Dans sa tradition consciente, le reggae n'a jamais réduit le One Love à un simple appel à la tolérance. Il en fait une éthique qui relie justice sociale, fraternité et responsabilité individuelle. Le trio s'inscrit clairement dans cette filiation.

Le reggae comme conscience sociale

Le texte de Djamatik ne reste pas dans l'abstraction. Il égrène des situations précises : la pauvreté, le mal-logement, l'exil de ceux qui ont dû quitter leur terre pour pouvoir exister. Un vers se détache particulièrement par sa charge concrète : celui d'une femme confrontée à l'emprisonnement de son mari, qu'elle retrouve au parloir. En inscrivant le One Love dans cette scène du parloir, Djamatik évite l'écueil du discours généraliste sur la solidarité. Il donne un visage à ce qu'il défend.

Le One Love cesse alors d'être une idée. Il devient une responsabilité, adressée à tous ceux qui vivent l'unité et ne sont pas là pour diviser.

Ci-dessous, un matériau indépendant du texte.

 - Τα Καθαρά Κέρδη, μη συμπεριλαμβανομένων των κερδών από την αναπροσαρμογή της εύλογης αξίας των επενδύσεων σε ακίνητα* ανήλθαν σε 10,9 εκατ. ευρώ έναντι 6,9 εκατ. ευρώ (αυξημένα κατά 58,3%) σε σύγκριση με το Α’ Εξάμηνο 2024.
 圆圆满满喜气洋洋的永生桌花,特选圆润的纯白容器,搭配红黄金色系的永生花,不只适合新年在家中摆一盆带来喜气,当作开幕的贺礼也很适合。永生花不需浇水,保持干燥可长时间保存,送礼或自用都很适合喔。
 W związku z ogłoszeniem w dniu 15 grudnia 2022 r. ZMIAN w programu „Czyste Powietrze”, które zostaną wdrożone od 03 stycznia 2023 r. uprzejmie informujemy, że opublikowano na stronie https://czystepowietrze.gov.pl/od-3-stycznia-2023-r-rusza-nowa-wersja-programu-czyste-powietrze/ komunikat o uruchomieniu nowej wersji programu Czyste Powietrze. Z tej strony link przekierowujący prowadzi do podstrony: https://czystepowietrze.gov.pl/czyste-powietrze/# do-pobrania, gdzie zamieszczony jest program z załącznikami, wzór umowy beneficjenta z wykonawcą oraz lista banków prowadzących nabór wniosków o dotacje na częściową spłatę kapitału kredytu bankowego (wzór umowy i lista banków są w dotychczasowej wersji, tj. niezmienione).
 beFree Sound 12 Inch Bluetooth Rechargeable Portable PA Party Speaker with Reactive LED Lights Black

Babylone, toujours au cœur du discours reggae

À ce principe posé par Djamatik, Gets Lion répond en désignant ce qui l'empêche de se réaliser. Son couplet inscrit le morceau dans la tradition du reggae conscient : la référence à Babylone, maudite et oppressante, renvoie à l'un des concepts majeurs de la pensée rastafari, les systèmes de domination et de contrôle qui empêchent les peuples de vivre pleinement leur liberté. Gets Lion dénonce sans détour les guerres et les massacres, la manipulation des esprits, les larmes des mères, avant d'opposer à ce tableau la formule qui structure tout le morceau : Peace, Love, Unity, adressée aux frères comme aux sœurs de la communauté.

Ce contraste — entre un monde marqué par la violence et une vision fondée sur la fraternité — constitue le ressort principal de la chanson.

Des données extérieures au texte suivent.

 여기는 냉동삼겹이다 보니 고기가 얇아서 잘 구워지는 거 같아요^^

Éveiller plutôt que divertir

Après le principe et le constat, Lasconi ouvre la troisième étape du raisonnement : celle du réveil. Son couplet appelle à ouvrir les yeux, à cesser de faire semblant, à ne plus se laisser bercer d'illusions. Le reggae y est présenté comme une source de force et de lumière, capable d'effacer les doutes et de rassembler le peuple, tous ensemble.

Cette tradition n'est pas nouvelle : depuis ses origines, le reggae conscient ne se contente pas d'accompagner les célébrations, il cherche à provoquer une prise de conscience.

Un message à la hauteur de l'International Reggae Day

À l'heure où le One Love est souvent réduit à un slogan touristique ou à une formule consensuelle, Djamatik, Gets Lion et Lasconi lui rendent sa véritable fonction : celle d'une éthique exigeante qui invite à regarder les fractures du monde pour mieux y répondre par la solidarité. 

Une manière de rappeler que le reggae, lorsqu'il reste fidèle à son histoire, est moins une bande-son qu'une conscience en mouvement.